Hi Both,
Thanks for all the reviews/patches so far 😊
> >
> > Looks good, but I wonder what we can do to at least make the multiple
> > exit case behave reasonably? The vectorizer keeps track
>
> > of a "canonical" exit, would it be possible to pass in the main exit
> > edge and use that instead of single_exit (), would other exits then
> > behave somewhat reasonable or would we totally screw things up here?

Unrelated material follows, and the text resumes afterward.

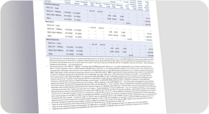 COMPENSATIONTABLES 2022GrantsofPlan-BasedAwardsTable All Other Stock Awards: All Other Grant Number Option DateFair EstimatedFuturePayouts EstimatedFuturePayouts of Awards: Exercise Valueof UnderNon-EquityIncentive UnderEquityIncentivePlan Shares Numberof orBase Stock 1 2 of Stock Securities Priceof and PlanAwards Awards or Underlying Option Option Approval Grant Threshold Target Maximum Threshold Target Maximum 3 Options 4 Units Awards Awards Name(a) Date(b) Date(c) ($)(d) ($)(e) ($)(f) (#)(g) (#)(h) (#)(i) (#)(j) (#)(k) ($/Sh)(l) ($)(m) JonathanAuerbach 2022AIP–Cash — 234,375 468,750 — — — — — — — 2022AIP–PBRSUs 1/25/2022 2/15/2022 — — — 1,098 4,393 8,786 — — — 507,216 2022-2024PBRSUs 2/14/2022 3/1/2022 — — — 9,208 36,832 73,664 — — — 3,922,976 RSUs 2/14/2022 3/1/2022 — — — — — — 36,832 — — 3,922,976 MarkBritto 2022AIP–Cash — 234,375 468,750 — — — — — — — 2022AIP–PBRSUs 1/25/2022 2/15/2022 — — — 1,098 4,393 8,786 — — — 507,216 2022-2024PBRSUs 2/14/2022 3/1/2022 — — — 13,812 55,248 110,496 — — — 5,884,464 RSUs 2/14/2022 3/1/2022 — — — — — — 55,248 — — 5,884,464 AaronKarczmer 2022AIP–Cash — 234,375 468,750 — — — — — — — 2022AIP–PBRSUs 1/25/2022 2/15/2022 — — — 1,098 4,393 8,786 — — — 507,216 2022-2024PBRSUs 2/14/2022 3/1/2022 — — — 9,208 36,832 73,664 — — — 3,922,976 RSUs 2/14/2022 3/1/2022 — — — — — — 36,832 — — 3,922,976 1 Theamountsshownrepresentpotentialnon-equityincentiveplanawardsundertheindividualperformanceportionofthe2022AIP.Maximumamountsrepresent200%oftheNEOs target incentive amountundertheAIP.Mr.Jorgensenstargetincentiveamountwasproratedbasedonthenumberofdaysduring2022thathewasemployedbytheCompany,in accordancewiththetermsoftheAIP.FormoreinformationontheAIP,includingactualpayoutsforthe2022AIP,see“CompensationDiscussionandAnalysis–2022Compensation FrameworkandDecisions–AnnualIncentivePlan.” 2 Theamountsshowninthe“2022AIP–PBRSUs”rowrepresenttheAIPPBRSUsgrantedin2022underourAmendedandRestated2015EquityIncentiveAwardPlan(the“Equity Plan”) or, for Mr. Jorgensen, under our 2022 InducementPlan (the “InducementPlan”),for the Companyperformanceportionof theAIP.Amountsshowninthe“Threshold”column represent25%ofthetargetnumberofshares,whichrepresentsthethresholdperformanceofoneofthetwoprimaryperformancemetrics.Awardsarecappedatthemaximumof 200%ofthetargetnumberofshares.NoshareswereissuedpursuanttotheNEOs2022AIPPBRSUsbasedonthe0%Companyperformanceachievement.Formoreinformation ontheAIP,includingactualpayoutsforthe2022AIP,see“CompensationDiscussionandAnalysis–2022CompensationFrameworkandDecisions–AnnualIncentivePlan.” Theamountsshowninthe“2022-2024PBRSUs”rowrepresentthe2022-2024PBRSUsgrantedin2022undertheEquityPlanor,forMr.Jorgensen,underourInducementPlan. Amountsshowninthe“Threshold”columnrepresent25%ofthetargetnumberofshares,whichrepresentsthethresholdperformanceofoneofthetwoperformancemetrics. Awardsarecappedatthemaximumof200%ofthetargetnumberofshares.The2022-2024PBRSUswillbeearnedandvestbasedonperformanceoverthe2022-2024 performanceperiod.See“CompensationDiscussionandAnalysis–2022CompensationFrameworkandDecisions–Long-TermIncentiveCompensation”formoreinformation. 3 Theamountsshownrepresentservice-basedRSUsgrantedin2022undertheEquityPlanor,forMr.Jorgensen,underourInducementPlan.TheseRSUsbecomefullyvestedover threeyears, with one-thirdvesting on the first anniversary of the grant date, and the remainder vesting ratably each following quarter over the remaining vesting period, subject to continuedemployment.See“CompensationDiscussionandAnalysis–2022CompensationFrameworkandDecisions–Long-TermIncentiveCompensation”formoreinformation. 4 RepresentsthegrantdatefairvaluedeterminedinaccordancewithFASBASCTopic718.Thegrantdatefairvaluewascalculatedbymultiplyingtheclosingpriceoftheunderlying commonstockonthedateofgrant(or,ifthereisnoclosingpriceonsuchdate,theclosingpriceontheimmediatelyprecedingdaywithareportedclosingprice)bythenumberof stockawardsgranted.Forthe2022AIPPBRSUsandthe2022-2024PBRSUs,thegrantdatefairvalueassumestheprobableoutcomeoftheperformanceconditionsapplicableto theawards.See“StockAwards–Column(e)”underthe“2022SummaryCompensationTable”formoreinformation.TheassumptionsusedbytheCompanyincalculatingthegrant datefair value of the stock awards are incorporatedhereinby referenceto Note 15 to the consolidatedfinancialstatementscontainedin the 2022AnnualReportonForm10-K. 5 Mr. Rainey forfeited all outstanding equity awards, includinghis 2022 plan-based awards, includinghis AIP, RSU and PBRSUawards, uponhis resignationfrom the Company. 6 TheseamountsrepresentkeytalentequityawardsgrantedtoMs.RabinovitchpriortoherappointmentasinterimCFO. 7 TheseamountsrepresenttheequityawardsgrantedtoMs.RabinovitchinconnectionwithherappointmentasinterimCFOeffectiveuponMr.Raineysdeparture. 8 TheseamountsrepresenttheequityawardgrantedtoMs.RabinovitchinconnectionwithherappointmentasactingCFOduringMr.Jorgensensleaveofabsence. 74 •2023ProxyStatement
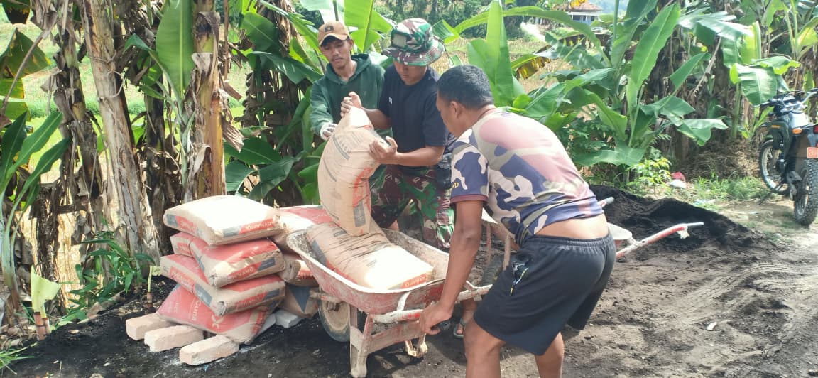 Sertu Agus Rianto mengatakan, dirinya bersama anggota lain fokus pada distribusi bahan cor agar proses pembangunan tidak terhambat.

> > That is, the "canonical" exit would be the counting exit while the
> > other exits are on data driven conditions and thus wouldn't change
> > probability when we reduce the number of iterations(?)
>
> I can add canonical_exit parameter and make the function to direct flow to it
> if
> possible. However overall I think fixup depends on what transformation led to
> the change.
>
> Assuming that vectorizer did no prologues and apilogues and we vectorized
> with factor N, then I think the update could be done more specifically as
> follows.
>
If it helps, how this patch series addresses multiple exits by forcing a scalar
epilogue, all non canonical_exits would have been redirected to this scalar
epilogue, so the remaining scalar iteration count will be at most VF.
Regards,
Tamar
> We know that header block count dropped by 4. So we can start from that
> and each time we reach basic block with exit edge, we know the original count
> of the edge. This count is unchanged, so one can rescale probabilities out of
> that BB accordingly. If loop has no inner loops, we can just walk the body in
> RPO and propagate scales downwards and we sould arrive to right result
>
> I originally added the bound parameter to handle prologues/epilogues which
> gets new artificial bound. In prologue I think you are right that the flow
> will be
> probably directed to the conditional counting iterations.
>
> In epilogue we add no artificial iteration cap, so maybe it is more realistic
> to
> simply scale up probability of all exits?
>
> To see what is going on I tried following testcase:
>
> int a[99];
> test()
> {
> for (int i = 0; i < 99; i++)
> a[i]++;
> }
>
> What surprises me is that vectorizer at -O2 does nothing and we end up
> unrolling the loop:
>
> L2:
> addl $1, (%rax)
> addl $1, 4(%rax)
> addl $1, 8(%rax)
> addq $12, %rax
> cmpq $a+396, %rax
>
> Which seems sily thing to do. Vectorized loop with epilogue doing 2 and
> 1 addition would be better.
>
> With -O3 we vectorize it:
>
>
> .L2:
> movdqa (%rax), %xmm0
> addq $16, %rax
> paddd %xmm1, %xmm0
> movaps %xmm0, -16(%rax)
> cmpq %rax, %rdx
> jne .L2
> movq a+384(%rip), %xmm0
> addl $1, a+392(%rip)
> movq .LC1(%rip), %xmm1
> paddd %xmm1, %xmm0
> movq %xmm0, a+384(%rip)
>
>
> and correctly drop vectorized loop body to 24 iterations. However the
> epilogue has loop for vector size 2 predicted to iterate once (it won't)
>
> ;; basic block 7, loop depth 0, count 10737416 (estimated locally), maybe
> hot
> ;; prev block 5, next block 8, flags: (NEW, VISITED)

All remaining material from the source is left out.